November 2023: Sorry, how much?
An example of the iconic Countach has sold at auction for a cool $2 million in Australian dollars – comfortably shading the previous best auction result of AU$1.17 million, set in January 2023.
The twist here, though, is that the new record holder is the deliberately and properly wrecked Countach that starred in the modern classic, Martin Scorsese's The Wolf of Wall Street.
If you've seen the film, you'll recall the scene.
If you haven't, this is no great spoiler: Leonardo DiCaprio's character, stockbroker Jordan Belfort, speeds off in his Countach after sucking down a metric ton of illicit party tricks and proceeds to drive it into everything he can and probably can't see.
To be fair, even in its wrecked state, this very authentic – not a mock-up – Countach 25th Anniversary would make one hell of a centrepiece in a grand foyer somewhere.
As for its price, well, I imagine its connection to the film, its legendary director and popular cast would've helped push it to that new record figure.
The other of the two Countachs used in the film – an undamaged example – will also go to auction in December, so it'll be interesting to see what number it achieves...
By the way, does anybody know how much that gold-plated Countach sold for, back in 2017? Struggling to find a result! (Scroll down 👇)
Get some more Countach reading
2017: Lamborghini Countach for sale with gold-plated interior
RM Sotheby’s Villa Erba auction is the very acme of refined good taste.

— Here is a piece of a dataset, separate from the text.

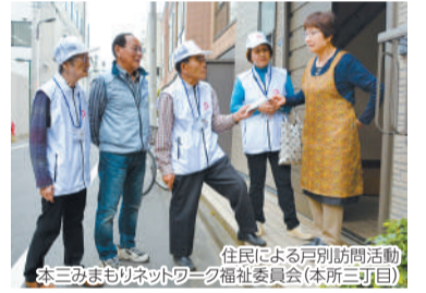
住民による戸別訪問活動 本三みまもりネットワーク福祉委員会(本所三丁目)

小学校や児童館などを活用し、複数の町会・自治会エリアを対象として、どなたでも気軽に集まることが出来る「拠点型ふれあいサロン」を、引き続き区内4か所で実施します。更には、この活動を通して、地域福祉活動の担い手を育成していきます。

The 19th century mansion, set on the shore of Italy’s Lake Como, plays host to some of the most elegant classic cars once a year, where immaculately groomed guests can pick at unpronounceable finger food, guffaw conspicuously and wear red trousers without fear of public ridicule.
It’s also where this 1987 Lamborghini Countach QV is being sold. At first it looks the authentic Jay-Z deal.
“Cocaine seats, all white like I got the whole thing bleached,” as Mr Z might say if he hadn’t been rapping about a Rolls Royce Corniche instead.
And then you look inside and recoil with horror as you realise that the dashboard, steering column and gated gearshift has been plated in 14-carat gold.
It probably hasn’t escaped your attention that the Countach has often attracted a certain clientele. Rod Stewart owned one. Mike Tyson was a customer as was Duran Duran’s Simon Le Bon. Then there’s Prince Jefri of Brunei, a man with a superyacht called Tits and twin tenders on the back called Nipple 1 and Nipple 2. These are not men encumbered with an excess of refined taste.
Countachs are cars that you had on your bedroom wall as a kid, when you thought that you could live solely on a diet of foam banana lollies and that you’d be rendered irresistible to the opposite sex if you actually owned a functional lightsaber.
There are exceptions, but Countachs are usually bought by people who haven’t progressed far beyond this worldview.
It’s hard to understand quite where the motivation to gold plate the Lambo’s cabin came from though. With typical understatement, RM Sotheby’s simply claim that the car’s Dutch owner sent it to Lamborghini Polo Storico for a bare metal restoration that included the gold work inside. Dutch. Gold. It could really only be one person.